The following really spoke for the processing it takes for me to comprehend what it means to be psychotic.
"To say that a word has a meaning is not to say that those who use the word correctly have ever thought out what the meaning is: the use of the word comes first, and the meaning is to be distilled out of it by observation and analysis." (P. 198)
"Moreover, the meaning of a word is not absolutely definite: there is always a greater or less degree of vagueness.  The meaning is an area, like a target: it may have a bull's eye, but the outlying parts of the target are still more or less within the meaning, in a gradually diminishing degree as we travel further from the bull's eye.  As language grows more precise, there is less and less of the target outside the bull's eye, and the bull's eye itself grows smaller and smaller; but the bull's eye never shrinks to a point, and there is always a doubtful region, however small, surrounding it." (p. 198)
Gotta say that Russel's writing surely gives me the lol every so often. lol
"The relation of a word to its meaning is of the nature of a causal law governing our use of the word and our actions when we hear it used.  There is no more reason why a person who uses a word correctly should be able to tell what it means than there is why a planet which is moving correctly should know Kepler's laws." (p. 198)
Ways of understanding words
(1) On suitable occasions you use the word properly.
(2) When you hear it you act appropriately.
(3) You associate the word with another word (say in a different language) which has the appropriate effect on behavior.
(4) When the word is being first learnt, you may associate it with an object, which is what it "means," or a representative of various objects that it "means." (p. 199-200)
(5) Words may be used to describe or recall a memory image: to describe it when it already exists, or to recall it when the words exist as a habit and are known to be descriptive of some past experience.
(6) Words may be used to describe or create an imagination-image: to describe it, for example, in the case of a poet or novelist, or to create it in the ordinary case for giving information--though, in the latter case, it is intended that the imagination-image, when created, shall be accompanied by belief that something of the sort occurred. (p. 202)
"The [5 and 6] ways of using words, including their occurence in inner speech, may be spoken of together as the use of words in "thinking." (p. 202)
"To understand the function that words perform in what is called "thinking," we must understand both the causes and the effects of their occurrence.The causes of the occurrence of words require somewhat different treatment according as the object designated by the word is sensibly present or absent.  When the object is present, it may itself be taken as the cause of the word, through association.
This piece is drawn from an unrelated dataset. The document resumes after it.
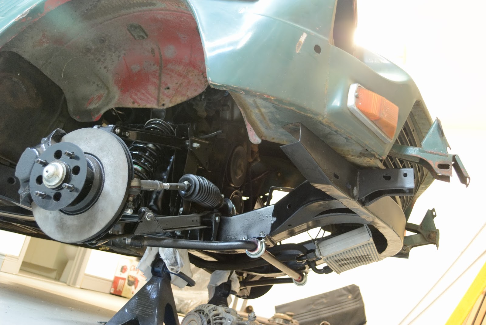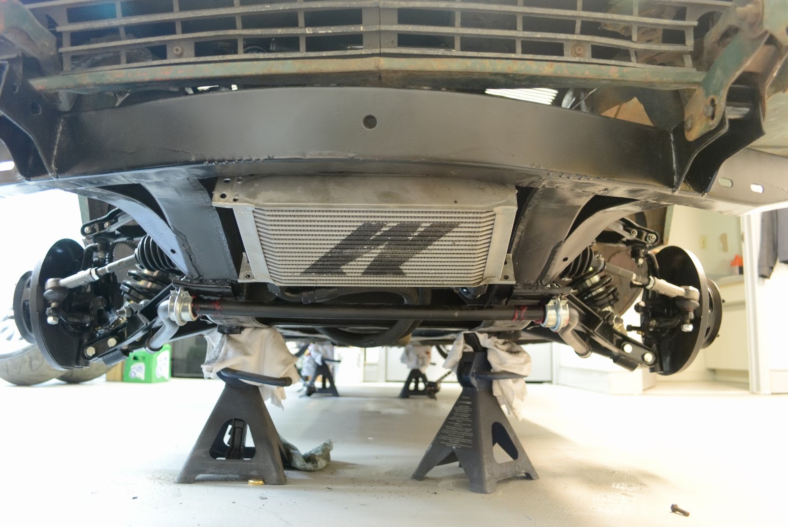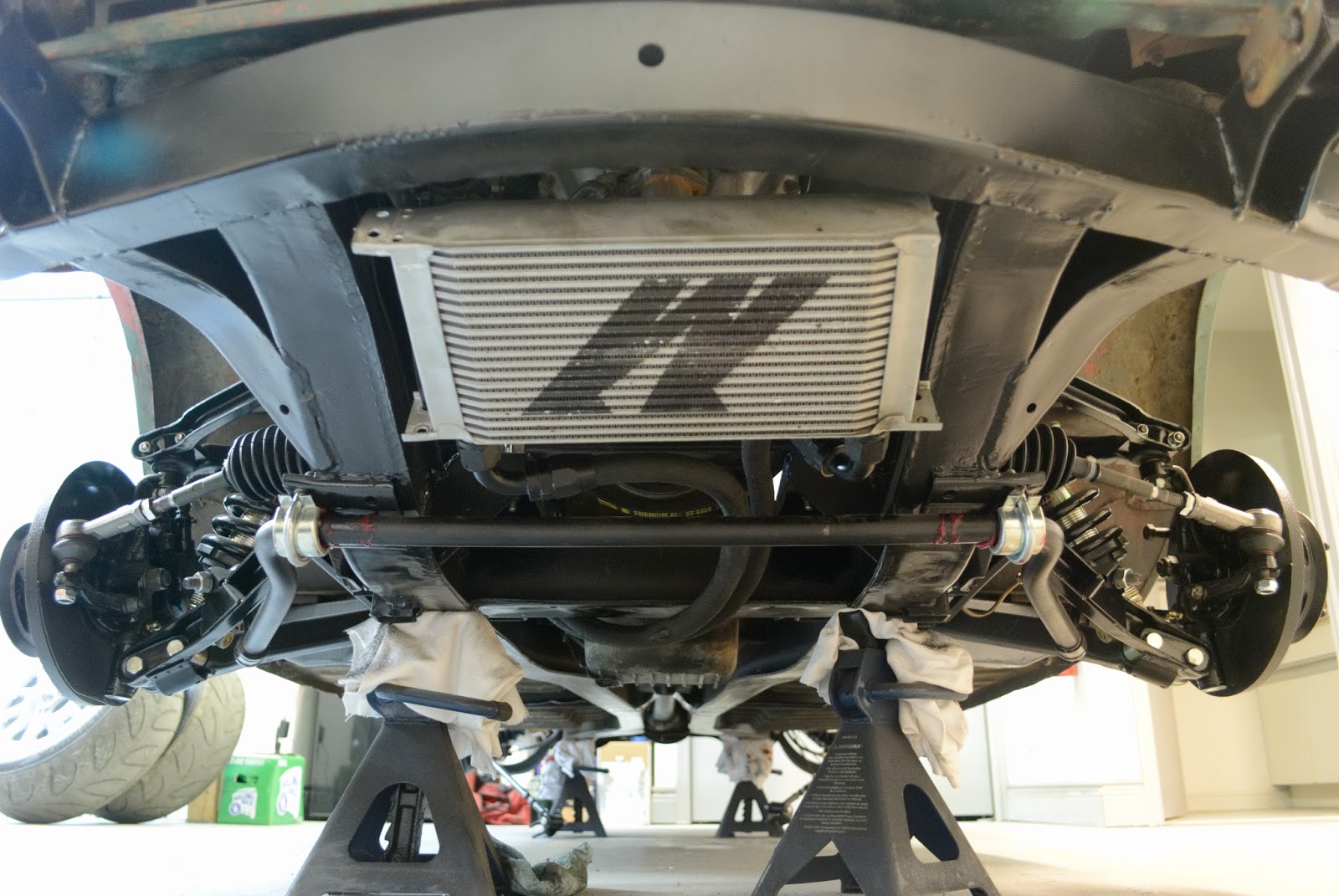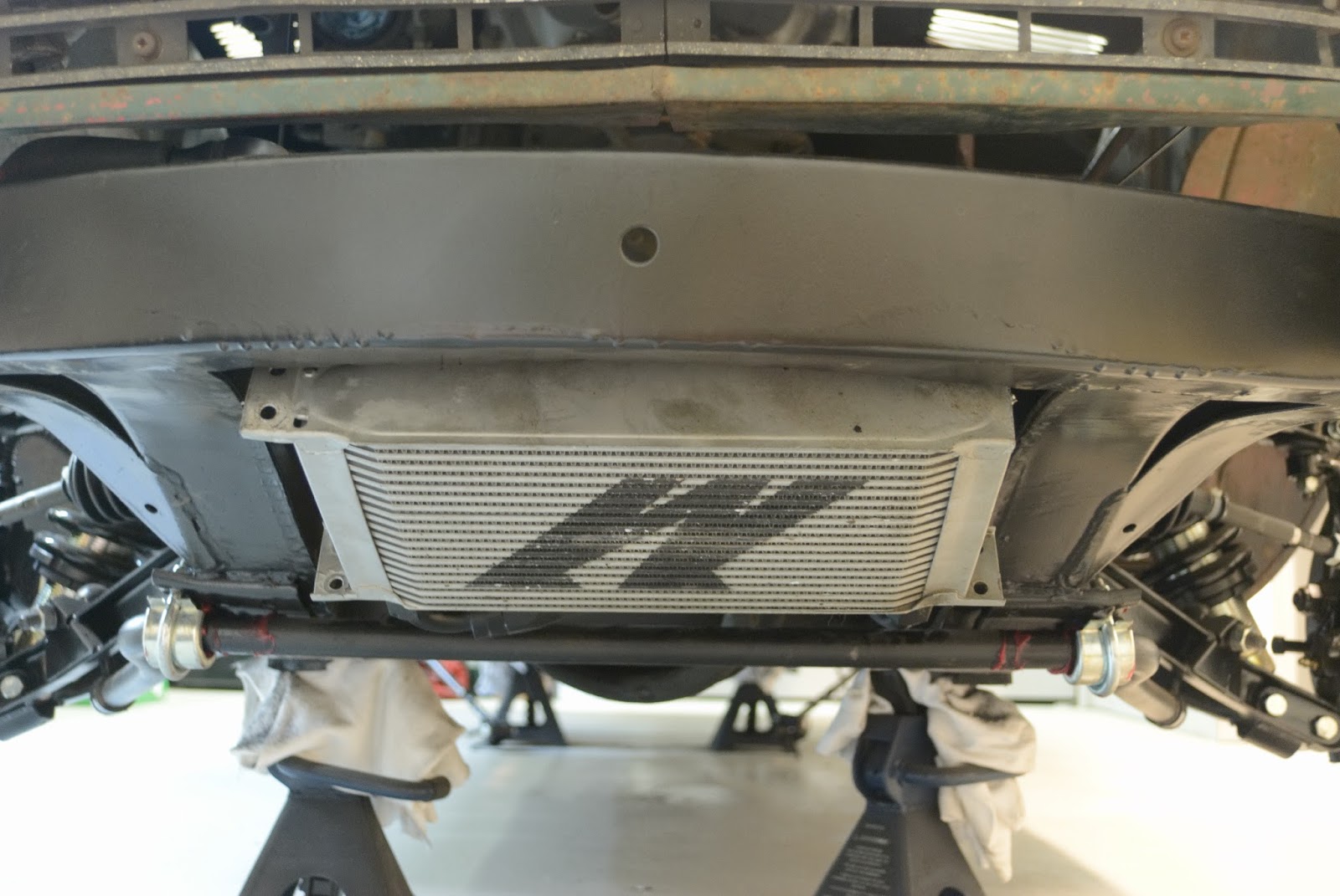 Just a short update. I’m working on mounting all of accessories on the car to get everything to fit properly. This includes an aftermarket oil cooler, a radiator and the OEM intake bits. I just have a bunch of photos for reference. Any drips in the primer on the frame I will be fixing so that the coat is uniform all around. Unfortunately most of the front end of the frame will need to be re-primed. The photos below are just rough ideas, nothing concrete yet. I will update the blog more when I have some more time available.
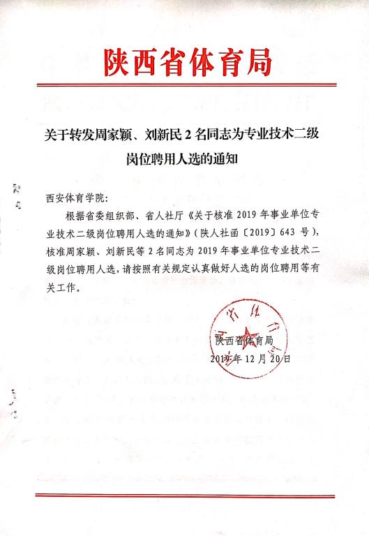 关于转发周家颖、刘新民2名同志为专业技术二级岗位聘用人选的通知

But when it is absent there is more difficulty in obtaining a behaviourist theory of the occurrence of the word." (p. 203)
"When we understand a word, there is a reciprocal association between it and the images of what it "means."  Images may cause us to use words which mean them, and these words, heard or read, may in turn cause the appropriate images." (p. 206)
"If a word has the right associations with other objects, we shall be able to use it correctly, and understand its use by others, even if it evokes no image. The theoretical understanding of words involves only the power of associating them correctly with other words; the practical understanding involves associations with other bodily movements." (p. 210-211)
"Two instances of the same word are so similar that neither has associations not capable of being shared by the other." (p.211)
"When we come to the consideration of truth and falsehood, we shall see how necessary it is to avoid assuming to close a parallelism between facts and the sentences which assert them." (p. 212)
"Those who have a relatively direct vision of facts are often incapable of translating their vision into words, while those who possess the words have usually lost the vision.) (p. 212)

Russell, B. (1921). Psychological and physical causal laws

What I gathered, though unsure whether my understanding is correct, is as following:
Considering the plausibility of A causes B
What have to be figured out is that
first, what is the matter called A and what is B
second, what are the particulars constituting A or B

Once we figured out what exact A or B are, are we sure we are sure A as we know is the invariable antecedent to B when the impact of all other factors are taken into consideration?


Russell, B. (1921). Psychological and physical causal laws The Analysis of Mind (pp. 93-107). London: G. Allen & Unwin.


"Everything in nature is apparently in a state of continuous change, so that what we call one "event" turns out to be really a process." (p. 94)
Reminds me of the law of gravity at the subatomic world... though it seems like people are working hard to reconcile the two.
"All that we can know empirically is approximate and liable to exceptions; the exact laws that are assumed in physics are known to be somewhere near the truth, but are not known to be true just as they stand.  The laws that we actually know empirically have the form of the traditional causal laws, except that they are not to be regarded as universal or necessary." (p. 95)
"We cannot observe infinitesimals, whether in time or space; we do not even know whether time and space are infinitely divisible.  Therefore rough empirical generalizations have a definite place in science, in spite of not being exact or universal.  They are the data for more exact laws, and the grounds for believing that they are usually true are stronger than the grounds for believing that the more exact laws are always true." (p. 95-96)
"It is generally assumed that, given any event, there is some one phenomenon which is the cause of the event in question.  This seems to be a mere mistake.  Cause, in the only sense in which it can be practically applied, means "nearly invariable antecedent." We cannot in practice obtain an antecedent which is quite invariable, for this would require us to take account of the whole universe, since something not taken account of may prevent the expected effect." (p. 96)
"A piece of matter, as it is known empirically, is not a single existing thing, but a system of existing things.  When several people simultaneously see the same table, they all see something different; therefore "the" table, which they are supposed all to see, must be either a hypothesis or a construction." (p. 97)
"... the table which is neutral as between different observers (actual and possible) is the set of all those particulars which would naturally be called "aspects" of the table from different points of view. (p. 98)
"The supposed "real" table underlying its appearances is, in any case, not itself perceived, but inferred, and the question whether such-and-such a particular is an "aspect" of this table is only to be settled by the connection of the particular in question with the one or more particulars by which the table is defined." (p. 98)
"When different people see what they call the same table, they see things which are not exactly the same, owing to difference of point of view, but which are sufficiently alike to be described in the same words, so long as no great accuracy or minuteness is sought." (p. 99)
"Like the different appearances of the table to a number of simultaneous observers, the different particulars that belong to one physical object are to be collected together by continuity and inherent laws of correlation, not by their supposed causal connection with an unknown assumed existent called a piece of matter..." (p. 101)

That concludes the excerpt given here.